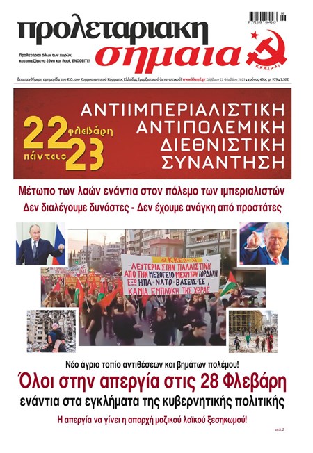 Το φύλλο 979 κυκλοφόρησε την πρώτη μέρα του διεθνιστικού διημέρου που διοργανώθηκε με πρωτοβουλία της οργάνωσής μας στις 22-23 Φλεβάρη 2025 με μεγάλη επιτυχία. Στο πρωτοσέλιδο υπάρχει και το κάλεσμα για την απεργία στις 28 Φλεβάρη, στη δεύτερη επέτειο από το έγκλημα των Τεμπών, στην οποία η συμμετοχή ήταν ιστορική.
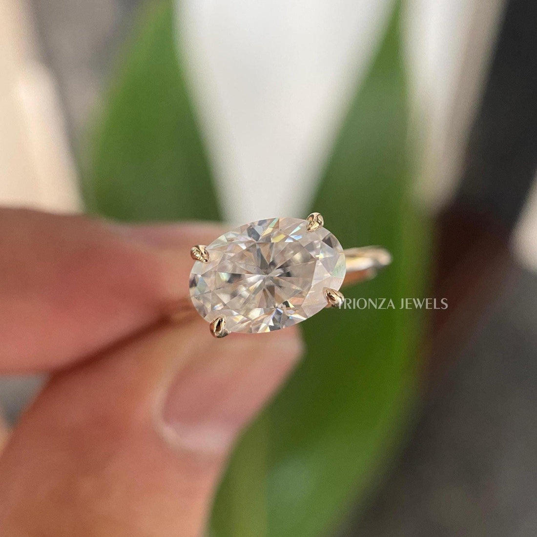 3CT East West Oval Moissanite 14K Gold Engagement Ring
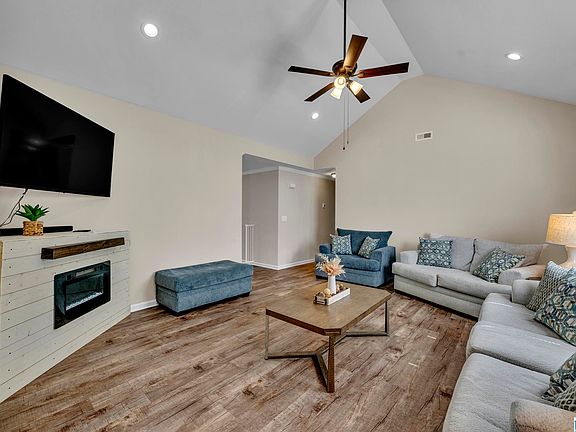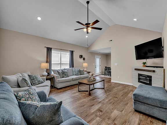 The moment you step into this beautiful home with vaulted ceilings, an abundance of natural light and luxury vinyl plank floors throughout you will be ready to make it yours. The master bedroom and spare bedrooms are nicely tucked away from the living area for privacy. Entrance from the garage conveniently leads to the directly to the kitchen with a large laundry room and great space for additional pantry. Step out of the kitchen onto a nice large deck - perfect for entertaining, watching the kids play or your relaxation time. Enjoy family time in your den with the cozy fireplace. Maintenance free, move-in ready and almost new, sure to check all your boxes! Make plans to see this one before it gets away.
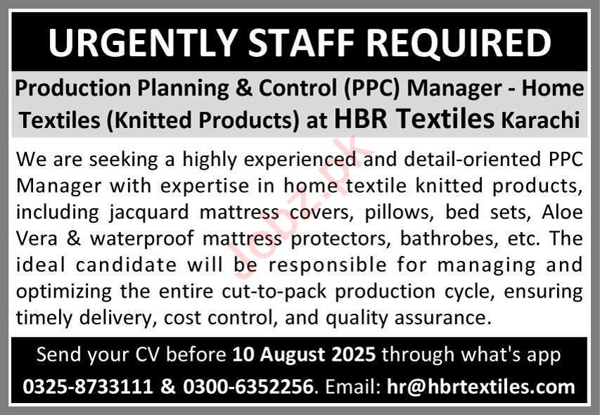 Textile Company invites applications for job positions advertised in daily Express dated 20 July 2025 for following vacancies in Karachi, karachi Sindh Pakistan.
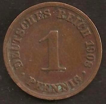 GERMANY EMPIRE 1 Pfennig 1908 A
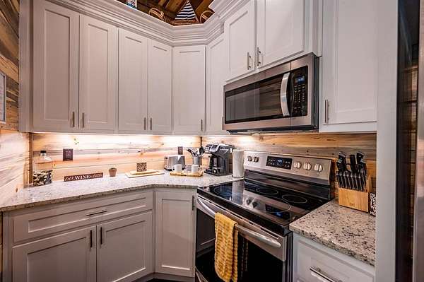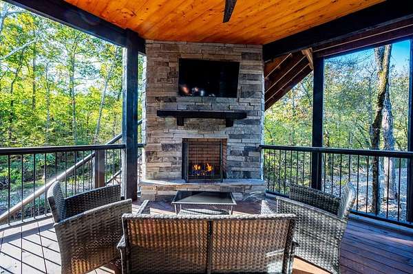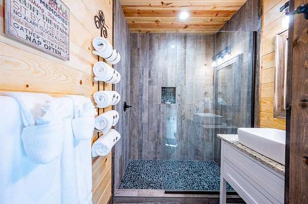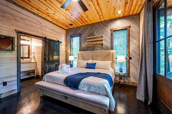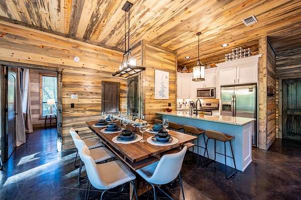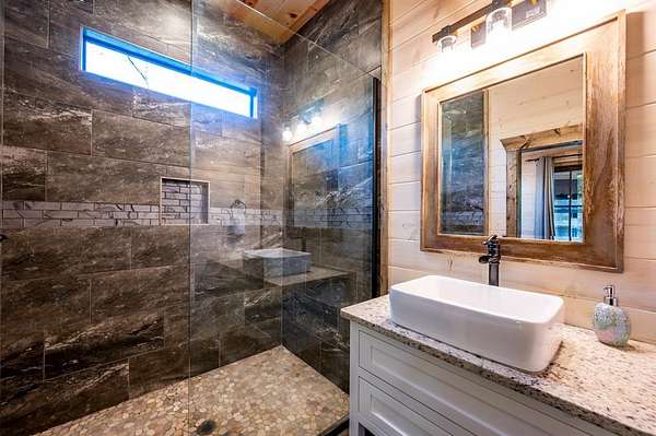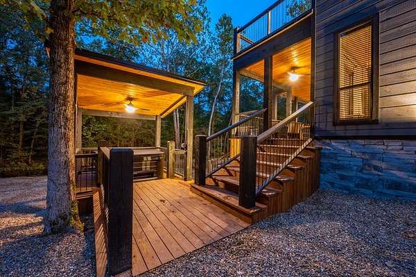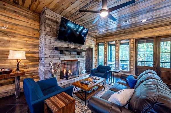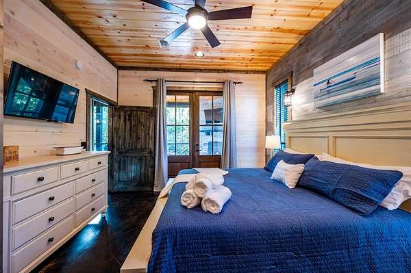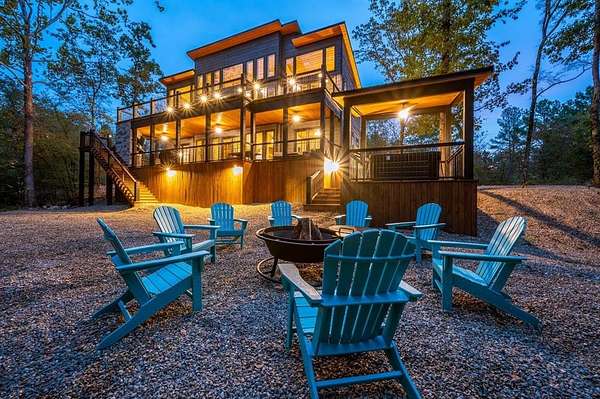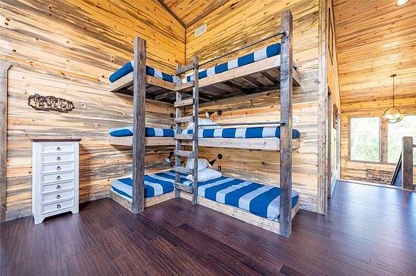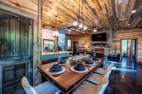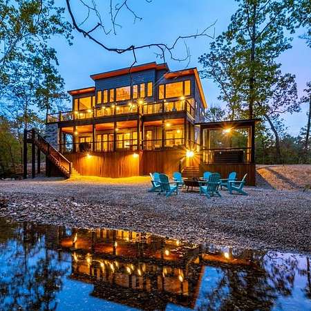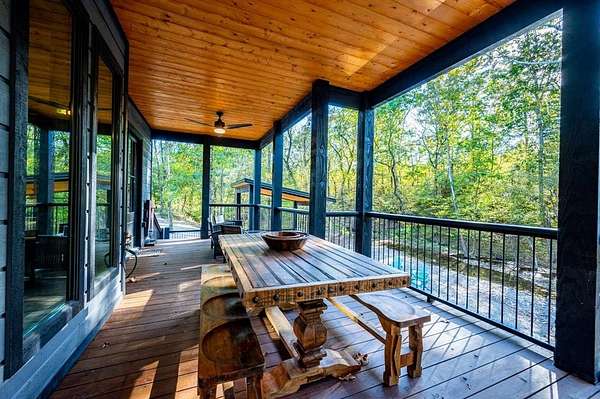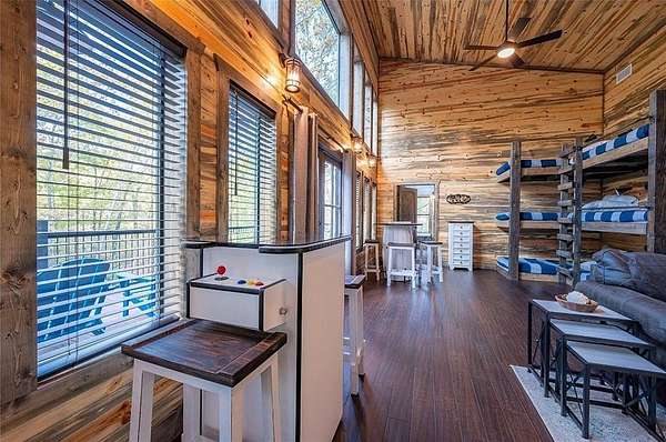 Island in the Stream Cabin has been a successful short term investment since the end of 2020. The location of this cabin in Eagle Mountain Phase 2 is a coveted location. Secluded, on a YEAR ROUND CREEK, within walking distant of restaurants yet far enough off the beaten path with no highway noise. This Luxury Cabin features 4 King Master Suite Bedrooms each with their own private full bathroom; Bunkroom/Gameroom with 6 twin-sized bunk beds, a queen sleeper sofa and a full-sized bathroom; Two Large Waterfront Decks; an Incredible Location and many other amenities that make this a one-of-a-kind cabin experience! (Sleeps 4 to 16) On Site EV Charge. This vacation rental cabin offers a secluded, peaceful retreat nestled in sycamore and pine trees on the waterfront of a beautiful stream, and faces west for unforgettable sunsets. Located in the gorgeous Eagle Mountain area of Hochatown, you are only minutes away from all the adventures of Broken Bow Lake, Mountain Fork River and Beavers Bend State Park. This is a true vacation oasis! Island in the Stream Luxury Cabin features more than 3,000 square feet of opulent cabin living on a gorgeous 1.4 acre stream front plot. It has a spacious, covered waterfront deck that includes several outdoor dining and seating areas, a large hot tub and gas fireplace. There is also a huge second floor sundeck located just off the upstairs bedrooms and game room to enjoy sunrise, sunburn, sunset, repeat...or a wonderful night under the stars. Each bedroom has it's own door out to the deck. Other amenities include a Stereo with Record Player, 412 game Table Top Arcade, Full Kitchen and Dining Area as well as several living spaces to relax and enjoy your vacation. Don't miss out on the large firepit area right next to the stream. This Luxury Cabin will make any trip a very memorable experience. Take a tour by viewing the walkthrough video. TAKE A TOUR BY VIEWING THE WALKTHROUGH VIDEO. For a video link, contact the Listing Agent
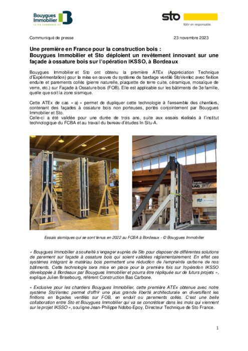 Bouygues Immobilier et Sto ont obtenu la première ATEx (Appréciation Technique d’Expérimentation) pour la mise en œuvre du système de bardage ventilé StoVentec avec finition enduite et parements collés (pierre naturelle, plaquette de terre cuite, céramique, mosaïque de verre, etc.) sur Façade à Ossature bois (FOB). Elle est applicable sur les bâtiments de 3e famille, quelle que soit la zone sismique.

» **EXERCISE OBJECTIVE**
Set down all records verbatim, omitting images.

» **YOUR SOLUTION**
 Το φύλλο 979 κυκλοφόρησε την πρώτη μέρα του διεθνιστικού διημέρου που διοργανώθηκε με πρωτοβουλία της οργάνωσής μας στις 22-23 Φλεβάρη 2025 με μεγάλη επιτυχία. Στο πρωτοσέλιδο υπάρχει και το κάλεσμα για την απεργία στις 28 Φλεβάρη, στη δεύτερη επέτειο από το έγκλημα των Τεμπών, στην οποία η συμμετοχή ήταν ιστορική.
 3CT East West Oval Moissanite 14K Gold Engagement Ring
 The moment you step into this beautiful home with vaulted ceilings, an abundance of natural light and luxury vinyl plank floors throughout you will be ready to make it yours. The master bedroom and spare bedrooms are nicely tucked away from the living area for privacy. Entrance from the garage conveniently leads to the directly to the kitchen with a large laundry room and great space for additional pantry. Step out of the kitchen onto a nice large deck - perfect for entertaining, watching the kids play or your relaxation time. Enjoy family time in your den with the cozy fireplace. Maintenance free, move-in ready and almost new, sure to check all your boxes! Make plans to see this one before it gets away.
 Textile Company invites applications for job positions advertised in daily Express dated 20 July 2025 for following vacancies in Karachi, karachi Sindh Pakistan.
 GERMANY EMPIRE 1 Pfennig 1908 A
 Island in the Stream Cabin has been a successful short term investment since the end of 2020. The location of this cabin in Eagle Mountain Phase 2 is a coveted location. Secluded, on a YEAR ROUND CREEK, within walking distant of restaurants yet far enough off the beaten path with no highway noise. This Luxury Cabin features 4 King Master Suite Bedrooms each with their own private full bathroom; Bunkroom/Gameroom with 6 twin-sized bunk beds, a queen sleeper sofa and a full-sized bathroom; Two Large Waterfront Decks; an Incredible Location and many other amenities that make this a one-of-a-kind cabin experience! (Sleeps 4 to 16) On Site EV Charge. This vacation rental cabin offers a secluded, peaceful retreat nestled in sycamore and pine trees on the waterfront of a beautiful stream, and faces west for unforgettable sunsets. Located in the gorgeous Eagle Mountain area of Hochatown, you are only minutes away from all the adventures of Broken Bow Lake, Mountain Fork River and Beavers Bend State Park. This is a true vacation oasis! Island in the Stream Luxury Cabin features more than 3,000 square feet of opulent cabin living on a gorgeous 1.4 acre stream front plot. It has a spacious, covered waterfront deck that includes several outdoor dining and seating areas, a large hot tub and gas fireplace. There is also a huge second floor sundeck located just off the upstairs bedrooms and game room to enjoy sunrise, sunburn, sunset, repeat...or a wonderful night under the stars. Each bedroom has it's own door out to the deck. Other amenities include a Stereo with Record Player, 412 game Table Top Arcade, Full Kitchen and Dining Area as well as several living spaces to relax and enjoy your vacation. Don't miss out on the large firepit area right next to the stream. This Luxury Cabin will make any trip a very memorable experience. Take a tour by viewing the walkthrough video. TAKE A TOUR BY VIEWING THE WALKTHROUGH VIDEO. For a video link, contact the Listing Agent
 Bouygues Immobilier et Sto ont obtenu la première ATEx (Appréciation Technique d’Expérimentation) pour la mise en œuvre du système de bardage ventilé StoVentec avec finition enduite et parements collés (pierre naturelle, plaquette de terre cuite, céramique, mosaïque de verre, etc.) sur Façade à Ossature bois (FOB). Elle est applicable sur les bâtiments de 3e famille, quelle que soit la zone sismique.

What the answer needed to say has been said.